All references are to Canadian dollars unless otherwise indicated. Tabular amounts are in thousands of dollars unless otherwise stated. Natural gas volumes are converted to barrels of oil equivalent ("boe") using the ratio of six thousand cubic feet ("6 mcf") of natural gas to one (1) barrel of oil ("bbl"). Boes may be misleading, particularly if used in isolation. A boe conversion ratio of 6 mcf:1 bbl is based on an energy equivalent conversion method primarily applicable at the burner tip and does not represent a value equivalent at the wellhead.
In accordance with Canadian practice, production volumes, reserve volumes and revenues are reported on a gross basis, before deduction of crown and other royalties, unless otherwise stated.

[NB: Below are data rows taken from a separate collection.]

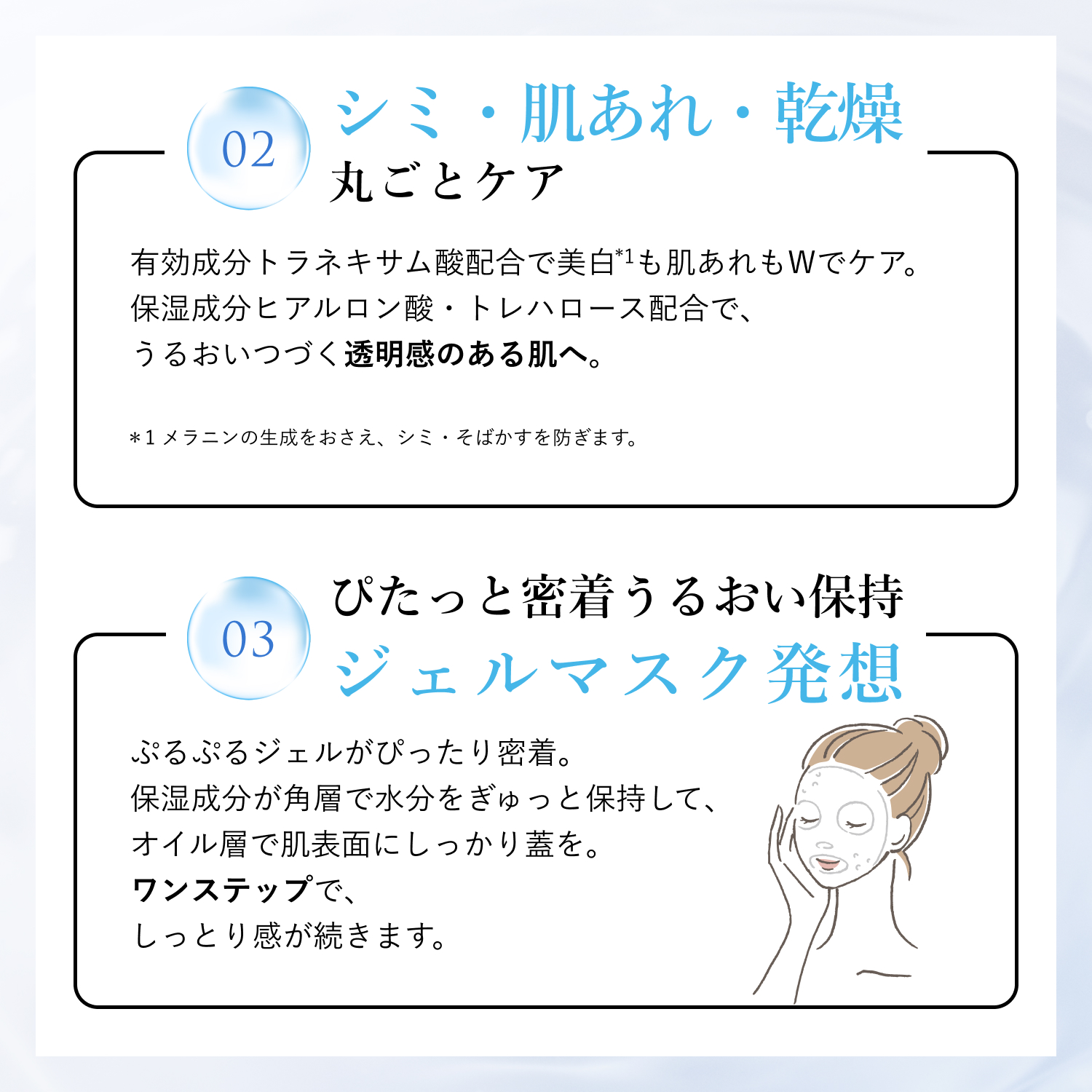 - 【うるおいつづく使用感】みずみずしいジェルが角層のすみずみまでうるおいを届けて、簡単ワンステップでていねいにお手入れしたようなしっとり感が長く続きます。保湿成分ヒアルロン酸・トレハロースに加えて、「ふっくらうるおい成分*1」「肌やわらか成分*2」新配合。べたつかず心地よいテクスチャーと、あと肌のやわらかさにこだわりました。 “ジェルマスク”発想だから、水分たっぷりのジェルを肌の上に乗せた瞬間からぴったり密着して、うるおい開始。保湿成分が角層で水分をぎゅっと保持して、オイル層が肌表面にしっかり蓋をします。
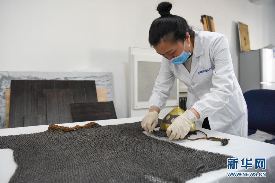 在新疆博物馆文物科技保护中心,工作人员整理修复完成的铁锁子甲衣(3月19日摄)。新华社记者 丁磊 摄
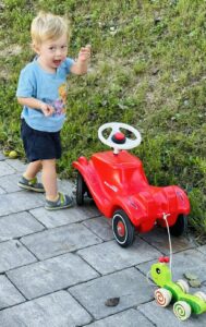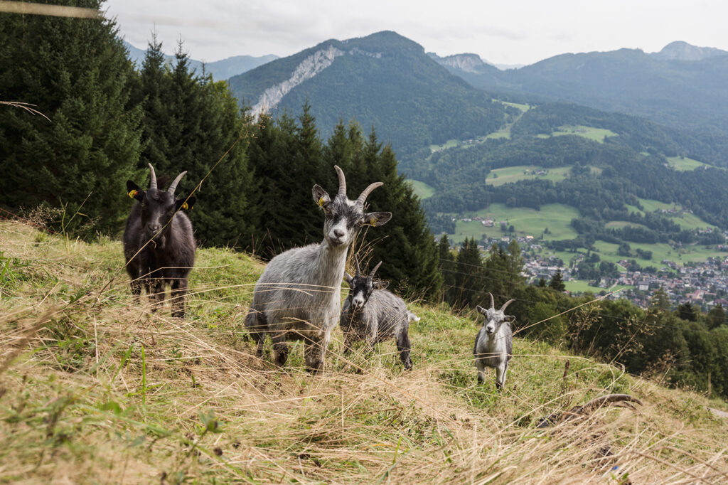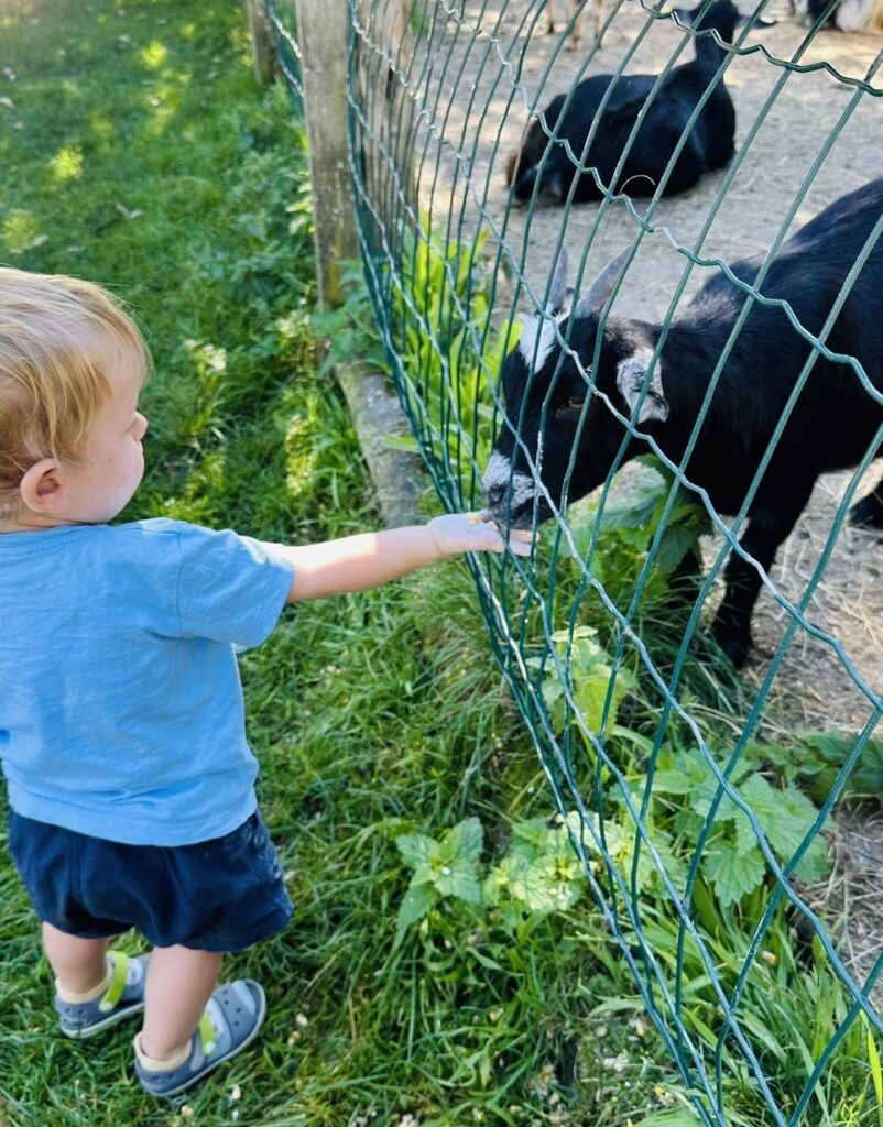 Unser Luigi, mittlerweile bald zwei Jahre alt, war im Paradies. Gleich gegenüber des Chalets leben Ziegen, die er jeden Tag mit Begeisterung beobachtet hat und auch einmal füttern durfte. Und wenn er gerade keine Ziegen gesehen hat, war er auf der Suche nach den Katzen – oder unterwegs mit seinem kleinen Bobbycar, um das gesamte Gelände zu erkunden.
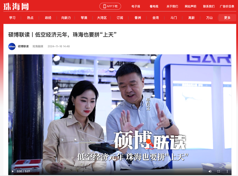 北京师范大学-香港浸会大学联合国际学院高等研究院讲席教授、航空专家 单肖文:毫无疑问,这是低空经济开始起飞的一个征兆,我来航展已经很多次了,这是第一次专门为了这种“低慢小”的飞行器设置了专门展区,能有这么一个机会,把所有上下游的商业的不同的公司,把它放到一个时间空间的同一个点上,让大家能够找到适合自己产品的配套的供应商,这是一个非常重要的促进作用,对我们低空经济来说。尤其是珠海未来打造“天空之城”,有了展会,我们也可以在人才引进和产业引进方面能够发挥更好的作用。
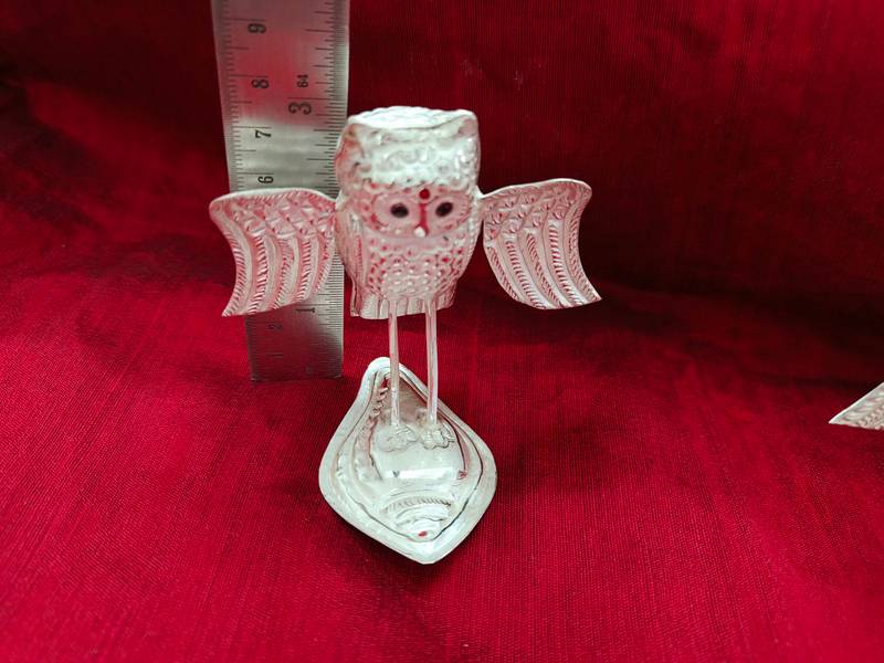 - The Owl Figurine—revered across spiritual traditions and cultural beliefs—is a powerful symbol of wisdom, prosperity, and protection. In Hindu tradition, the owl (Ullu or Pecha) is the vahana (vehicle) of Goddess Lakshmi, representing sharp insight and the ability to see through darkness—a sign of wealth that comes with discernment. In Feng Shui, the owl is a guardian against misfortune and an enhancer of mental clarity and good luck. Crafted as a home décor idol in metal, silver, crystal, or ceramic, the Owl Showpiece is ideal for placing near entrances, on work desks, or in sacred corners to attract abundance, keen vision, and spiritual strength. Whether minimalist or adorned in intricate designs, this owl is more than décor—it’s a sentinel of serenity and success.
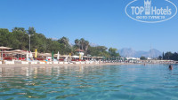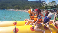 Отдыхали с ребенком. Сервис отличный, вежливый и внимательный персонал, разнообразная еда(рыба, говядина, индейка, курица, печень, салаты, овощи и фрукты, сладости). Из бесплатных напитков- соки(не очень), кола, вино, пиво,водка, джин. Бар бесплатный до 22.00. Отель все таки 4*. и для 4 свое полностью отрабатывает. Уютные номера, красивая маленькая территория. Из минусов отсутствие собственного пляжа, толпа на трансфер до пляжа и платный вай фай (1 доллар). Остальное все на высшем уровне!На пляж можно добираться пешком 10-15 минут. Есть городской платный галечный и песчаный. Везде платные лежаки 2-3 доллара. Один раз в неделю турецкая ночь, редко дискотеки. Анимации нет.
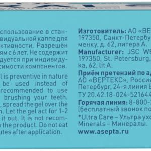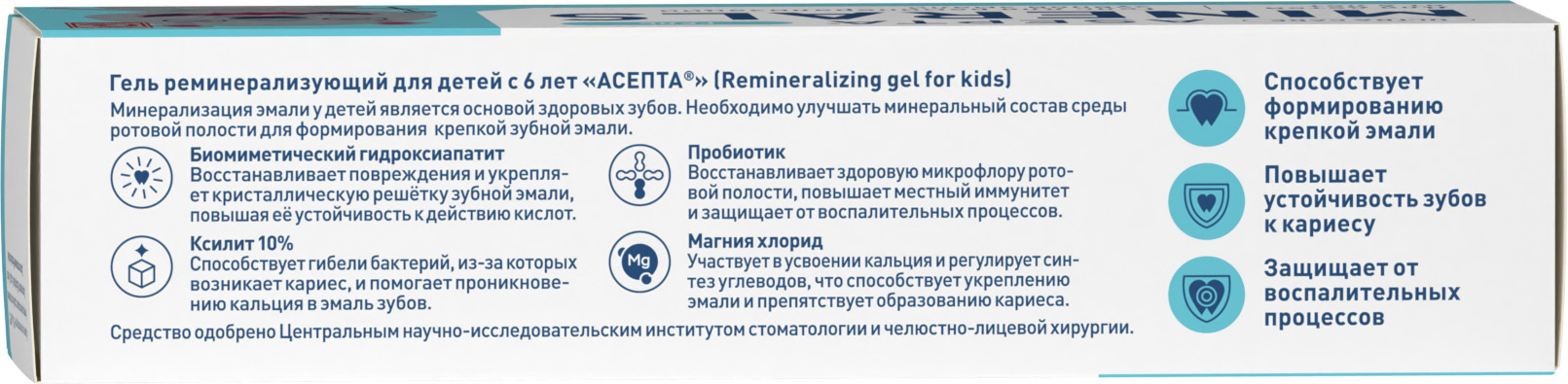 Детский гель реминерализующий создан для формирования и укрепления зубной эмали у детей с 6 лет. Минерализация, или «созревание» эмали у детей при смене молочных зубов на коренные является основой здоровых зубов во взрослом возрасте. После активной фазы минерализации насыщение эмали микроэлементами и минералами замедляется. Реминерализующий гель АСЕПТА для детей создает необходимые условия для формирования крепкой зубной эмали за счет улучшения минерального состава микрофлоры полости рта. Вкус "клубника-йогурт.
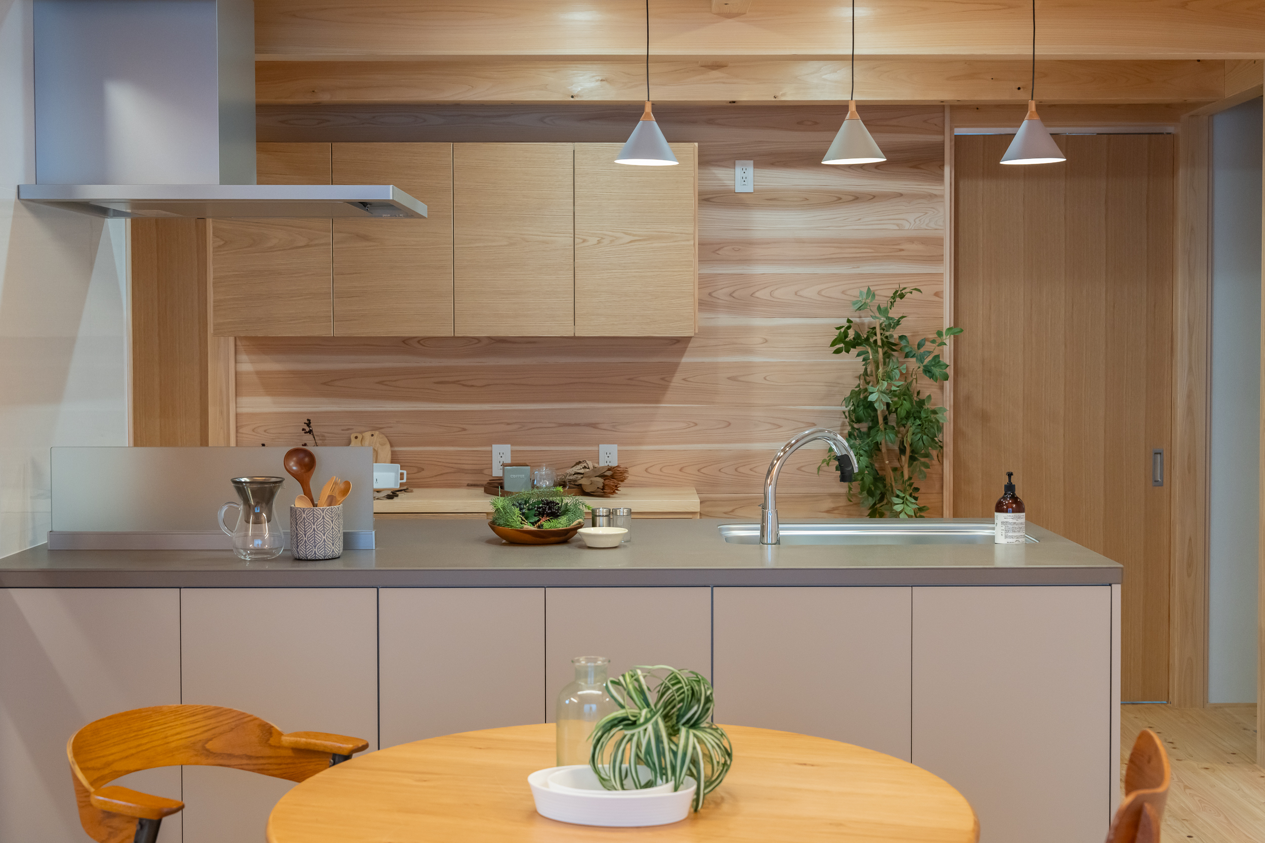 勾配天井が空間に高さを生み、
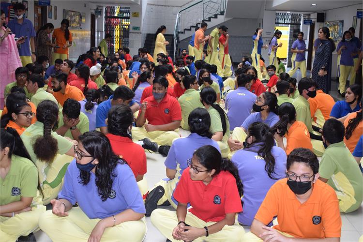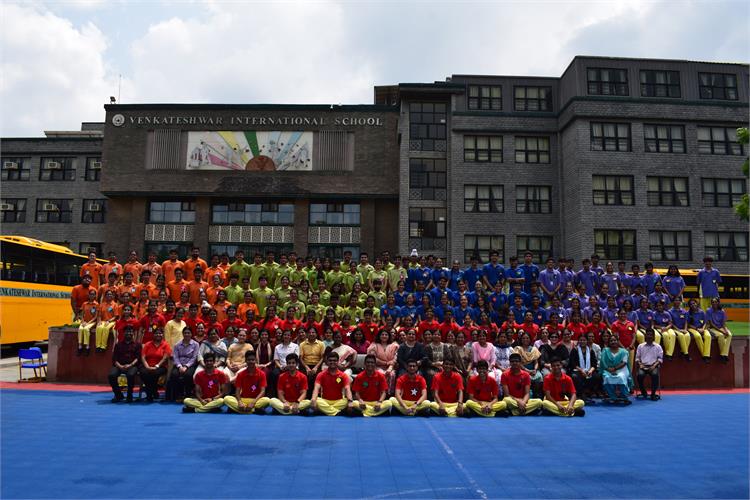 Venkateshwar International School organised a Leadership Camp for students of class X - XII to explore and nurture the latent talent of promising future leaders in the making.The eventful programme commenced with chanting of Gayatri Mantra and an inspiring address by esteemed Principal Dr. Manisha Sharma followed by intriguing fun games and activities.This much awaited Camp saw the participation of around 150 zealous group members in myriad of activities like Kindle the Flame, Unravel the mystery, Innovate to Renovate , Savoury Delights ,Vision and Skit Presentation. The memorable day culminated with rejuvenating guided meditation session and memento presentation.
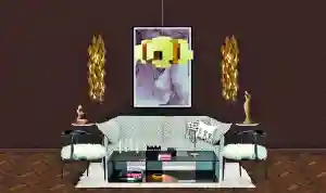 橙色和红色活泼奔放,黄色和蓝色优雅宁静,这样的颜色搭配或许会碰撞出意想不到的视觉美。颜色的精彩碰撞带来了惊艳的视觉体验,给人留下深刻的印象。几个鲜艳并且跨度大的颜色,大胆地以撞色的手法去表现突出该种风格,更多的是希望表现出大气感和时尚感。选择的产品包括休闲椅、茶几、边几、落地灯、挂画和摆件。墙面大面积留白是希望与前面摆放密集的产品发生碰撞,让人的视觉能够聚焦在画面中心,留白让整个画面更透气、更轻盈,符合“就简”这一主旨。
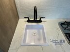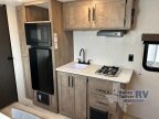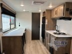 Time spent in this couples trailer will be time well spent! You will love the amount of space you have each day since the queen Murphy bed can be put away to utilize the fold-down sofa. The chef of your group can make breakfast on the two burner gas cooktop and store leftovers in the 3.3 cu. ft. 12V refrigerator. The countertop with two chairs can be used as a desk or for dining space, and the full rear bath is sure to be appreciated!

We use certain financial reporting measures that are commonly used as benchmarks within the oil and natural gas industry in the following MD&A such as Cash Flow, Payout Ratio, Cash General and Administrative Expenses and Operating Netbacks (calculation tables within the MD&A) each as defined in this MD&A. These measures are not defined under Canadian generally accepted accounting principles ("GAAP") and should not be considered in isolation or as an alternative to conventional GAAP measures. Certain of these measures are not necessarily comparable to a similarly titled measure of another company or trust. When these measures are used, they are defined as "non-GAAP" and should be given careful consideration by the reader. Please refer to the discussion under the heading "Non-GAAP Measures" at the end of this MD&A for a detailed discussion of these reporting measures.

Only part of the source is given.